** EXERCISE REQUIREMENTS **
Could each entry below be printed again exactly as given?

** MATERIAL FOR THIS EXERCISE **
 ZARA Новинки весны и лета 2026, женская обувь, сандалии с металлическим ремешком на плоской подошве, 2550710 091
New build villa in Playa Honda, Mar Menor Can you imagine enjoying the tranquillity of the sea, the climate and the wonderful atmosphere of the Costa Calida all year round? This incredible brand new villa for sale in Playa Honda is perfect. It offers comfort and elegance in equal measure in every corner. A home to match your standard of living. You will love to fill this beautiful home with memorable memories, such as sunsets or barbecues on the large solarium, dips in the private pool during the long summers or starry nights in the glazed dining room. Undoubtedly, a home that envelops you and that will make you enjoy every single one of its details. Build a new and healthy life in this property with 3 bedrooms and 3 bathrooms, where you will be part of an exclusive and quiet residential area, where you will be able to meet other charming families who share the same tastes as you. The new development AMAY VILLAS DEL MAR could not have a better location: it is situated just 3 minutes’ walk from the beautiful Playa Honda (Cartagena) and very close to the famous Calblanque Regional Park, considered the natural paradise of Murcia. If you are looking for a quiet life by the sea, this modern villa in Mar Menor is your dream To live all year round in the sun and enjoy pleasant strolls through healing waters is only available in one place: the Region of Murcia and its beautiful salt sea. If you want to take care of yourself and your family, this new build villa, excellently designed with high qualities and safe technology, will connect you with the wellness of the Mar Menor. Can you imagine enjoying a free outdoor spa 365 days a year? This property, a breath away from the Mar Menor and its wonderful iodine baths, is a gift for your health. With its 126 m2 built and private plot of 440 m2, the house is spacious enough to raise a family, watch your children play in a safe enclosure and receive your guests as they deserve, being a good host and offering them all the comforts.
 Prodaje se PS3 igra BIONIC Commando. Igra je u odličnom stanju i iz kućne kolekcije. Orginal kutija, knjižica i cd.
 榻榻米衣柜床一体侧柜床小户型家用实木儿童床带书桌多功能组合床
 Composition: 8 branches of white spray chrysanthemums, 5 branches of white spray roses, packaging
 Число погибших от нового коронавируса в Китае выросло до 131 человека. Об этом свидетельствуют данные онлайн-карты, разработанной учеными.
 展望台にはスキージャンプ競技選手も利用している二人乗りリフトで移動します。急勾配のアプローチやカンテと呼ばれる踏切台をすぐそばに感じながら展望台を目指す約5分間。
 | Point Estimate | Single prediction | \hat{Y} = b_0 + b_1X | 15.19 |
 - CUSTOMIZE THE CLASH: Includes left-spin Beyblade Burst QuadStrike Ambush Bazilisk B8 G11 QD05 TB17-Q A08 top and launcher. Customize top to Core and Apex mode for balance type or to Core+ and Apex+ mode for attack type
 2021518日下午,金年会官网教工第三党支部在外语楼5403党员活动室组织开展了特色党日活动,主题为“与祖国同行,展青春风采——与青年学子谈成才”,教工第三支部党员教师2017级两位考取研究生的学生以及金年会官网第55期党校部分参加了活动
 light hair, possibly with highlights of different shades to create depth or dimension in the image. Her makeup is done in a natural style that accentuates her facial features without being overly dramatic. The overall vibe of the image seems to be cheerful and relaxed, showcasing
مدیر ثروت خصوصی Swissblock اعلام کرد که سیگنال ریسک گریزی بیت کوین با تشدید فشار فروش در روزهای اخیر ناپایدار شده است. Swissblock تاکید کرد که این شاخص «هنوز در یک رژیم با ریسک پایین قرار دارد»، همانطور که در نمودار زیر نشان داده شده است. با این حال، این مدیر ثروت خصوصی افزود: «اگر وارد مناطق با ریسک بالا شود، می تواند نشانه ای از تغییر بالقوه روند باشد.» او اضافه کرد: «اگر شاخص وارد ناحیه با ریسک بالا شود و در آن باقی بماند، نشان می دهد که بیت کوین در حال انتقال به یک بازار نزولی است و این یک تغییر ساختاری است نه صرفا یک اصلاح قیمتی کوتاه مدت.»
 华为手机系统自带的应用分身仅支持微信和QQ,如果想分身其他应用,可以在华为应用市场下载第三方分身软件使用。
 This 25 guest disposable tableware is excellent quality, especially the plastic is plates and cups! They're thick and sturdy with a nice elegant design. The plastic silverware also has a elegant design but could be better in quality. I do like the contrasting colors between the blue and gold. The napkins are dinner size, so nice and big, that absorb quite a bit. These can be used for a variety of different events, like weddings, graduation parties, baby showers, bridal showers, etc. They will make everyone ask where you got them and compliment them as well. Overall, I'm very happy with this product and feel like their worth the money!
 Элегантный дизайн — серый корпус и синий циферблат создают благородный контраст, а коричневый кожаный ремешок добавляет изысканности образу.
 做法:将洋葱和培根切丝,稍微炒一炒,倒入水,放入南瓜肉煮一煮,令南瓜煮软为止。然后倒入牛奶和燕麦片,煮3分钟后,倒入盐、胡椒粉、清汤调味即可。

** ANSWER BOX **
 ZARA Новинки весны и лета 2026, женская обувь, сандалии с металлическим ремешком на плоской подошве, 2550710 091
New build villa in Playa Honda, Mar Menor Can you imagine enjoying the tranquillity of the sea, the climate and the wonderful atmosphere of the Costa Calida all year round? This incredible brand new villa for sale in Playa Honda is perfect. It offers comfort and elegance in equal measure in every corner. A home to match your standard of living. You will love to fill this beautiful home with memorable memories, such as sunsets or barbecues on the large solarium, dips in the private pool during the long summers or starry nights in the glazed dining room. Undoubtedly, a home that envelops you and that will make you enjoy every single one of its details. Build a new and healthy life in this property with 3 bedrooms and 3 bathrooms, where you will be part of an exclusive and quiet residential area, where you will be able to meet other charming families who share the same tastes as you. The new development AMAY VILLAS DEL MAR could not have a better location: it is situated just 3 minutes’ walk from the beautiful Playa Honda (Cartagena) and very close to the famous Calblanque Regional Park, considered the natural paradise of Murcia. If you are looking for a quiet life by the sea, this modern villa in Mar Menor is your dream To live all year round in the sun and enjoy pleasant strolls through healing waters is only available in one place: the Region of Murcia and its beautiful salt sea. If you want to take care of yourself and your family, this new build villa, excellently designed with high qualities and safe technology, will connect you with the wellness of the Mar Menor. Can you imagine enjoying a free outdoor spa 365 days a year? This property, a breath away from the Mar Menor and its wonderful iodine baths, is a gift for your health. With its 126 m2 built and private plot of 440 m2, the house is spacious enough to raise a family, watch your children play in a safe enclosure and receive your guests as they deserve, being a good host and offering them all the comforts.
 Prodaje se PS3 igra BIONIC Commando. Igra je u odličnom stanju i iz kućne kolekcije. Orginal kutija, knjižica i cd.
 榻榻米衣柜床一体侧柜床小户型家用实木儿童床带书桌多功能组合床
 Composition: 8 branches of white spray chrysanthemums, 5 branches of white spray roses, packaging
 Число погибших от нового коронавируса в Китае выросло до 131 человека. Об этом свидетельствуют данные онлайн-карты, разработанной учеными.
 展望台にはスキージャンプ競技選手も利用している二人乗りリフトで移動します。急勾配のアプローチやカンテと呼ばれる踏切台をすぐそばに感じながら展望台を目指す約5分間。
 | Point Estimate | Single prediction | \hat{Y} = b_0 + b_1X | 15.19 |
 - CUSTOMIZE THE CLASH: Includes left-spin Beyblade Burst QuadStrike Ambush Bazilisk B8 G11 QD05 TB17-Q A08 top and launcher. Customize top to Core and Apex mode for balance type or to Core+ and Apex+ mode for attack type
 2021518日下午,金年会官网教工第三党支部在外语楼5403党员活动室组织开展了特色党日活动,主题为“与祖国同行,展青春风采——与青年学子谈成才”,教工第三支部党员教师2017级两位考取研究生的学生以及金年会官网第55期党校部分参加了活动
 light hair, possibly with highlights of different shades to create depth or dimension in the image. Her makeup is done in a natural style that accentuates her facial features without being overly dramatic. The overall vibe of the image seems to be cheerful and relaxed, showcasing
مدیر ثروت خصوصی Swissblock اعلام کرد که سیگنال ریسک گریزی بیت کوین با تشدید فشار فروش در روزهای اخیر ناپایدار شده است. Swissblock تاکید کرد که این شاخص «هنوز در یک رژیم با ریسک پایین قرار دارد»، همانطور که در نمودار زیر نشان داده شده است. با این حال، این مدیر ثروت خصوصی افزود: «اگر وارد مناطق با ریسک بالا شود، می تواند نشانه ای از تغییر بالقوه روند باشد.» او اضافه کرد: «اگر شاخص وارد ناحیه با ریسک بالا شود و در آن باقی بماند، نشان می دهد که بیت کوین در حال انتقال به یک بازار نزولی است و این یک تغییر ساختاری است نه صرفا یک اصلاح قیمتی کوتاه مدت.»
 华为手机系统自带的应用分身仅支持微信和QQ,如果想分身其他应用,可以在华为应用市场下载第三方分身软件使用。
 This 25 guest disposable tableware is excellent quality, especially the plastic is plates and cups! They're thick and sturdy with a nice elegant design. The plastic silverware also has a elegant design but could be better in quality. I do like the contrasting colors between the blue and gold. The napkins are dinner size, so nice and big, that absorb quite a bit. These can be used for a variety of different events, like weddings, graduation parties, baby showers, bridal showers, etc. They will make everyone ask where you got them and compliment them as well. Overall, I'm very happy with this product and feel like their worth the money!
 Элегантный дизайн — серый корпус и синий циферблат создают благородный контраст, а коричневый кожаный ремешок добавляет изысканности образу.
 做法:将洋葱和培根切丝,稍微炒一炒,倒入水,放入南瓜肉煮一煮,令南瓜煮软为止。然后倒入牛奶和燕麦片,煮3分钟后,倒入盐、胡椒粉、清汤调味即可。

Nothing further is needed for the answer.